### Exercise details
Output, word for word, every line from the line with "Daws Wellness Center is" through the final line of the data below.

### Records for processing
==*==

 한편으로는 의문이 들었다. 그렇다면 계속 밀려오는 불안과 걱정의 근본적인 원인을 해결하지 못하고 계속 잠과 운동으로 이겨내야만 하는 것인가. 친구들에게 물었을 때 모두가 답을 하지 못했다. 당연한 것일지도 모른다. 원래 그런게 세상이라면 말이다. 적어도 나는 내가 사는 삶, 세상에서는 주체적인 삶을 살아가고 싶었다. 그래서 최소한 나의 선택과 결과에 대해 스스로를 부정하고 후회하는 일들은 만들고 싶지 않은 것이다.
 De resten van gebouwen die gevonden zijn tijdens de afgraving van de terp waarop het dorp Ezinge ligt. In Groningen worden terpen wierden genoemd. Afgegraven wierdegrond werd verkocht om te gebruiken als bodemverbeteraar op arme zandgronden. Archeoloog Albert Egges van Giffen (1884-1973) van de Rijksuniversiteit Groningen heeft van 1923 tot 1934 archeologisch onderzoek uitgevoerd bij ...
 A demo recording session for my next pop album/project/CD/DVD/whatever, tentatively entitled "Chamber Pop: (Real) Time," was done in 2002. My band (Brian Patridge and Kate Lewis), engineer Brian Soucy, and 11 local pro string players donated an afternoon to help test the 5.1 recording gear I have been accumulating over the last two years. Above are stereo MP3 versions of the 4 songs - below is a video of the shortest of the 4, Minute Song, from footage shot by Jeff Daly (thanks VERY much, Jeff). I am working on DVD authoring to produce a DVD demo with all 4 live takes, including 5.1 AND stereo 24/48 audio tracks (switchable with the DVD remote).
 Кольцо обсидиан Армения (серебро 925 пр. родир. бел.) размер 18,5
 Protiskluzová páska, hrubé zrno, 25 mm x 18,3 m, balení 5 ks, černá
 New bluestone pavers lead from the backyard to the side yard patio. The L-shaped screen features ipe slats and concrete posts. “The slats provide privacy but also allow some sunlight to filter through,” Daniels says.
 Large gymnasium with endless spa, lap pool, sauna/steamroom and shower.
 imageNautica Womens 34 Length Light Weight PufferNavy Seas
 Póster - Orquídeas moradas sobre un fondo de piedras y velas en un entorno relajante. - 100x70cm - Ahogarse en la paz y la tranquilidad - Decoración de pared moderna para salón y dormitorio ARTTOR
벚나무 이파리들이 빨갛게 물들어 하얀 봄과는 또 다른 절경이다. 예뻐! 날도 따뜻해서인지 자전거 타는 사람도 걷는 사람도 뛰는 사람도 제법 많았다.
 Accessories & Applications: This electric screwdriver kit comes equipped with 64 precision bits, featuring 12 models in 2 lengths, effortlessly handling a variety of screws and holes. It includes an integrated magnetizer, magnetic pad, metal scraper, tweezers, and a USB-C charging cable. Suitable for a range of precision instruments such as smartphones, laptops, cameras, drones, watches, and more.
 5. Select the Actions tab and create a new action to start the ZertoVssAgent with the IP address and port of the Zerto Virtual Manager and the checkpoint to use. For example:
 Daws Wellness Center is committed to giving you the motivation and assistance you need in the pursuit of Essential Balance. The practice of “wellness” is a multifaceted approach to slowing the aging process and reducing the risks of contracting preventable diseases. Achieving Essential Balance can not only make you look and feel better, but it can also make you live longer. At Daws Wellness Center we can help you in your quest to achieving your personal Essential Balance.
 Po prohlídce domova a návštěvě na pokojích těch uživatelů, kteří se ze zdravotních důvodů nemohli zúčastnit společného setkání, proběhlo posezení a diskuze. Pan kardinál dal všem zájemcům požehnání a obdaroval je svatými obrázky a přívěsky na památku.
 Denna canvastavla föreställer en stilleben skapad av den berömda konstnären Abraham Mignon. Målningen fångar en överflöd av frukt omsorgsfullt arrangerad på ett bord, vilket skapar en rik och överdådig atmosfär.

==*==

### Answer to this exercise
 Daws Wellness Center is committed to giving you the motivation and assistance you need in the pursuit of Essential Balance. The practice of “wellness” is a multifaceted approach to slowing the aging process and reducing the risks of contracting preventable diseases. Achieving Essential Balance can not only make you look and feel better, but it can also make you live longer. At Daws Wellness Center we can help you in your quest to achieving your personal Essential Balance.
 Po prohlídce domova a návštěvě na pokojích těch uživatelů, kteří se ze zdravotních důvodů nemohli zúčastnit společného setkání, proběhlo posezení a diskuze. Pan kardinál dal všem zájemcům požehnání a obdaroval je svatými obrázky a přívěsky na památku.
 Denna canvastavla föreställer en stilleben skapad av den berömda konstnären Abraham Mignon. Målningen fångar en överflöd av frukt omsorgsfullt arrangerad på ett bord, vilket skapar en rik och överdådig atmosfär.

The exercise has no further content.